## What you have to do
The entries below contain a stretch that opens with the line containing "Banarasi tissue silk" and closes with the line containing "唇枪舌战,辩赛场硝烟;口若悬"; set down that stretch exactly, both ends included, and nothing else.

## Data in this exercise
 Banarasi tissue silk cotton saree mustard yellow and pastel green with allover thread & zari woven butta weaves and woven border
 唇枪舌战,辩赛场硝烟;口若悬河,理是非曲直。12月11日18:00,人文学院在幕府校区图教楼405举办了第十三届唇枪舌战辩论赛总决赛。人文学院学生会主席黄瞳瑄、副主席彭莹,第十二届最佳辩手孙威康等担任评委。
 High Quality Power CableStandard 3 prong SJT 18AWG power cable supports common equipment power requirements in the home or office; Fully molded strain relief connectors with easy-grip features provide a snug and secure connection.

---

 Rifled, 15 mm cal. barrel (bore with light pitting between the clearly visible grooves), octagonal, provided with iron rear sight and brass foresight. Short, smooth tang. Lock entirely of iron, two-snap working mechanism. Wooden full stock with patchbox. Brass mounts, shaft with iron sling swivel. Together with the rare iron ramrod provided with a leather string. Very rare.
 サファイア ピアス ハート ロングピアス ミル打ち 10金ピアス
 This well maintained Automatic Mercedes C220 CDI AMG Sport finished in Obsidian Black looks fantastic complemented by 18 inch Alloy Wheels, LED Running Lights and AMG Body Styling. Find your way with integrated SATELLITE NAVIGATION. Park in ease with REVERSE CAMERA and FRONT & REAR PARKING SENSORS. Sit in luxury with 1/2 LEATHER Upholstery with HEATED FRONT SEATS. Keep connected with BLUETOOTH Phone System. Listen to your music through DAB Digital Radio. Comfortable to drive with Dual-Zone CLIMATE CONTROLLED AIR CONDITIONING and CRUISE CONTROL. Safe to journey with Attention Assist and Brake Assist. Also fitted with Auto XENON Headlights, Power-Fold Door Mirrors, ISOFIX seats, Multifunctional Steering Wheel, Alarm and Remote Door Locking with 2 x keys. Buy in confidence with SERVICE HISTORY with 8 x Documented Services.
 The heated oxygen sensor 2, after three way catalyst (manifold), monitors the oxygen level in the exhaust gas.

## Exercise output
 Banarasi tissue silk cotton saree mustard yellow and pastel green with allover thread & zari woven butta weaves and woven border
 唇枪舌战,辩赛场硝烟;口若悬河,理是非曲直。12月11日18:00,人文学院在幕府校区图教楼405举办了第十三届唇枪舌战辩论赛总决赛。人文学院学生会主席黄瞳瑄、副主席彭莹,第十二届最佳辩手孙威康等担任评委。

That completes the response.